Флуоресцирующие метки для ПЦР в реальном времени

Мы уже рассказывали подробнее о ПЦР в реальном времени, пришло время познакомиться поближе с одним из ключевых компонентов метода, появление которого сделало его возможным — флуоресцирующих метках. Они обеспечивают свечение, необходимое для визуализации продуктов реакции. Существует два основных типа меток: интеркалирующие агенты и зонды с флуорофором [1].

В обоих случаях метка выступает в роли репортерной молекулы и флуоресценция, излучаемая ею, возрастает по мере накопления продукта ПЦР, то есть с каждым циклом амплификации.

В зависимости от молекулы, используемой для обнаружения, методы ПЦР в реальном времени можно условно разделить на два раздела:

1. Неспецифическое обнаружение с использованием ДНК-связывающих красителей;
   
2. Специфические зонды для конкретных целей обнаружения.

В первом случае, красители, связывающиеся с ДНК, используются в качестве флуоресцентных репортеров для мониторинга реакции ПЦР в реальном времени. Фиксируя величину излучения на каждом цикле, можно контролировать реакцию ПЦР во время экспоненциальной фазы. Если построить график между логарифмом исходного количества матрицы и соответствующей величиной излучения, то можно отметить линейную зависимость величин.

Один из наиболее широко используемых интераклирующих агентов — SYBR Green, специфичен для двухцепочечной ДНК. Он связывается с малой бороздкой двойной спирали. В растворе несвязанный краситель тоже флуоресцирует, только очень слабо. После связывания с ДНК, флуоресценция возрастает. SYBR Green остается стабильным в условиях ПЦР, в некоторых случаях его модифицируют при помощи оптического фильтра для гармонизации длин волн возбуждения и излучения. Для обнаружения также можно использовать бромид этидия, но его канцерогенность серьезно ограничивает использование.

Интеркалирующие красители достаточно бюджетны и просты в использовании, но у них есть недостаток — флуоресцентный сигнал могут генерировать как специфические, так и неспецифические продукты. Поэтому, в случае необходимости обнаружить конкретную последовательность нуклеотидов внутри ДНК, прибегают к использованию специфичных зондов. Они представляют собой олигонуклеотидные зонды, меченные красителем и тушителем. Во время ПЦР флуорофор и тушитель разделяются, что приводит к увеличению флуоресценции. Разделение происходит либо путем расщепления олигонуклеотида, либо путем изменения вторичной структуры олигонуклеотидного зонда, когда он отжигается с ДНК-мишенью [2,3]. Альтернативный подход к обнаружению и количественному определению нуклеиновых кислот использует фрагменты репортера и тушителя, прикрепленные непосредственно к праймерам ПЦР вместо гибридизационного зонда [4].

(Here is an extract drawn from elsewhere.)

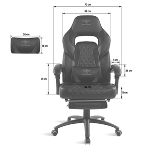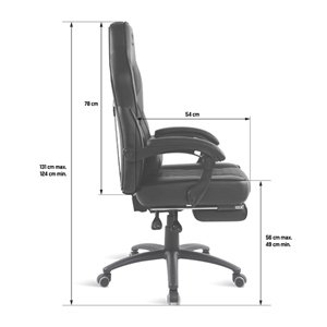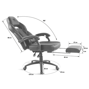 ERGONÓMIA Hintázási funkció: Nem Magasságállítás Igen, 7 cm elmozdulás Dőlésszögbeállítás 90-160°. A háttámla dőlésszögéhez igazodó, csuklós kartámaszok A párna ágyékpárnákat tartalmazza Behúzható lábtámasz (35x 27 x 7 cm) ÜLÉS Szélesség: 56 cm Mélység: 54 cm Minimális magasság: 49 cm Maximális magasság 56 cm HÁTTÁMLA Magasság 80 cm Vállszélesség 56 cm KARFA Méretek 39 x 7 x 3 cm Fix karfák A háttámla dőlésszögét követő csuklós karfák ALAP Fém alap Átmérő 70 cm Dupla PU / 360° / csúszásgátló / antisztatikus görgők Maximális súly 120 kg DESIGN Méretek 128-119 x 70 x 70 cm Súly 21 kg Szín Fekete III. osztályú henger Fém szerkezet Műbőr bevonat

Олигонуклеотидные зонды, меченные красителем и тушителем есть нескольких типов [5]:

1. TaqMan. Подобные зонды представляют собой небольшой олигонуклеотид, комплементарный фрагменту ДНК. В его состав входит репортер и гаситель, это два отдельных флуорофора. Когда они расположены рядышком, то гаситель не позволяет зафиксировать свечение репортера. Но при амплификации ДНК-полимераза нарушает целостность зонда и свечение может быть зафиксировано датчиками прибора.
   
   
2. Молекулярные маяки. Они представляют собой одноцепочечные фрагменты ДНК с петелькой, похожей на шпильку. На концах, также, как и в случае TaqMan "сидят" репортер и гаситель. В этом случае флуоресценция считывается прибором уже на этапе отжига праймеров.
   
   
3. Праймеры-скорпионы. По структуре они похожи на маяки, только на после гасителя в довесок еще следует праймер, с которого и начинается амплификация. Флуоресценция считывается на этапе отжига праймера. Только шпилька зонда, подобно хвосту скорпиона соединяется с ДНК, синтезированной с присоединенного праймера.